Jade Empire (Xbox) review


"I've only played two Bioware games: Jade Empire and Star Wars: Knights of the Old Republic. I'm already convinced that Bioware is a lazy or maybe just complacent group of game designers. Guys, you clearly know what you're doing, and I'm not advocating an EA-style 100 work week, but maybe the next time around you should spend a couple of extra Saturdays in the office polishing your product? "

I've only played two Bioware games: Jade Empire and Star Wars: Knights of the Old Republic. I'm already convinced that Bioware is a lazy or maybe just complacent group of game designers. Guys, you clearly know what you're doing, and I'm not advocating an EA-style 100 work week, but maybe the next time around you should spend a couple of extra Saturdays in the office polishing your product?

Although honestly, if I were a Bioware programmer, I wouldn't care.
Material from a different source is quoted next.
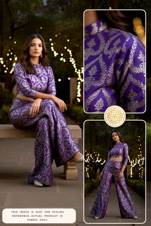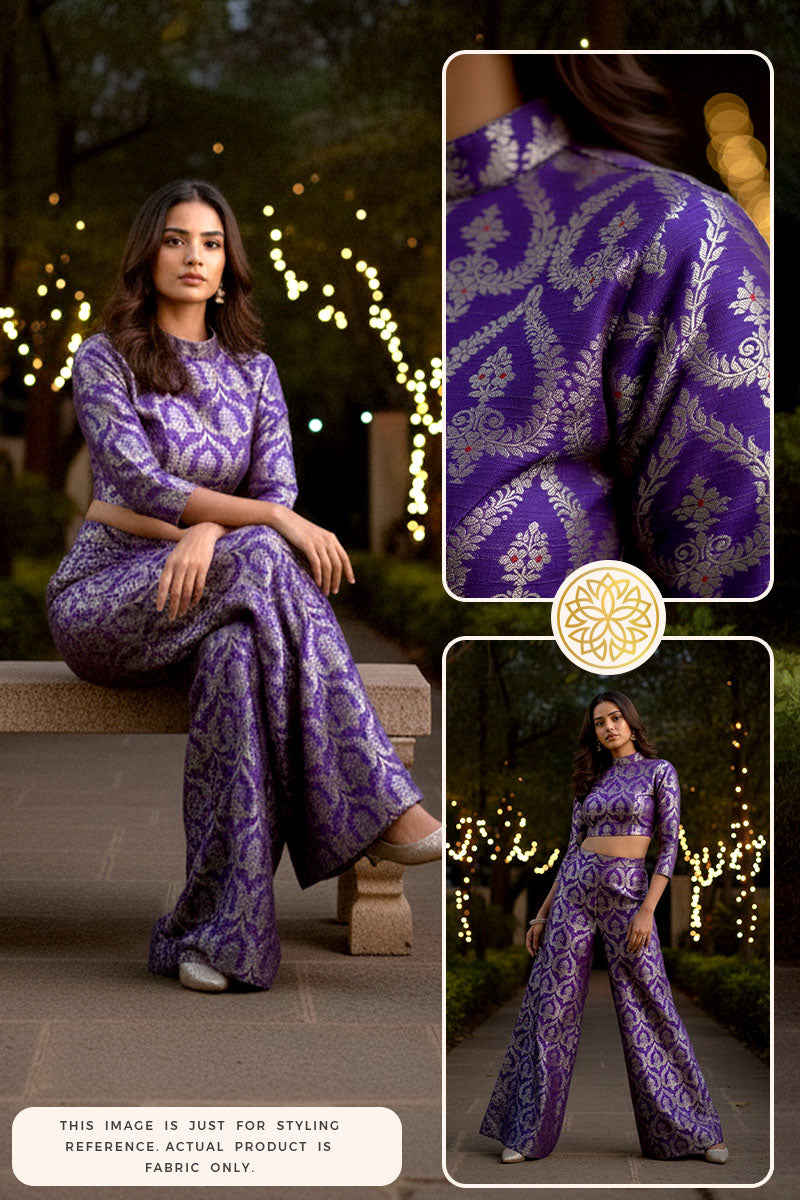 This Deep Purple hand-woven Banarasi Silk Than comes with woven silver zari leaf buta motifs that surface fabric pattern including meenakari motifs. A fabric made by handloom weaving, for your quintessential statement party wear.

Knights and Empire both rode a wave of hype into stores, very similarly heralded as paragons of gripping, open-ended gaming, and rightly so! They're basically the same game from both technical and emotional standpoints, and they do succeed in delivering said gaming. Few people are complaining, and many people are making suspect claims as to these two games’ unassailable quality. Most reviews mentioned how "great" or "awesome" Knights looked, but come on! It was weak, all drab metallic corridors indoors and muddy textures outdoors. I'm happy to say that Jade Empire, a fantastically fantastical take on ancient China, does look great, but the scant other differences between the two titles are "one step forward, one step back" tradeoffs that negate themselves.

So, without further comparisons, Jade Empire is a visually arresting, addictive-in-spite-of-itself action-RPG that puts the morality of the hero in your hands. You're a gifted student at a rural martial arts academy, of course you don't remember your past, and of course you have a great destiny that every sage-looking old guy around will tell you about. Only they're not sure what that destiny is, exactly—it's up to you and your unapologetically motley crew of traveling companions to explore the Jade Empire (again, think ancient China) and seek it out. Sure, it's been done, but the snappy dialogue and voluminous, consistently impressive voice acting assures that you haven't seen it done much better in a videogame.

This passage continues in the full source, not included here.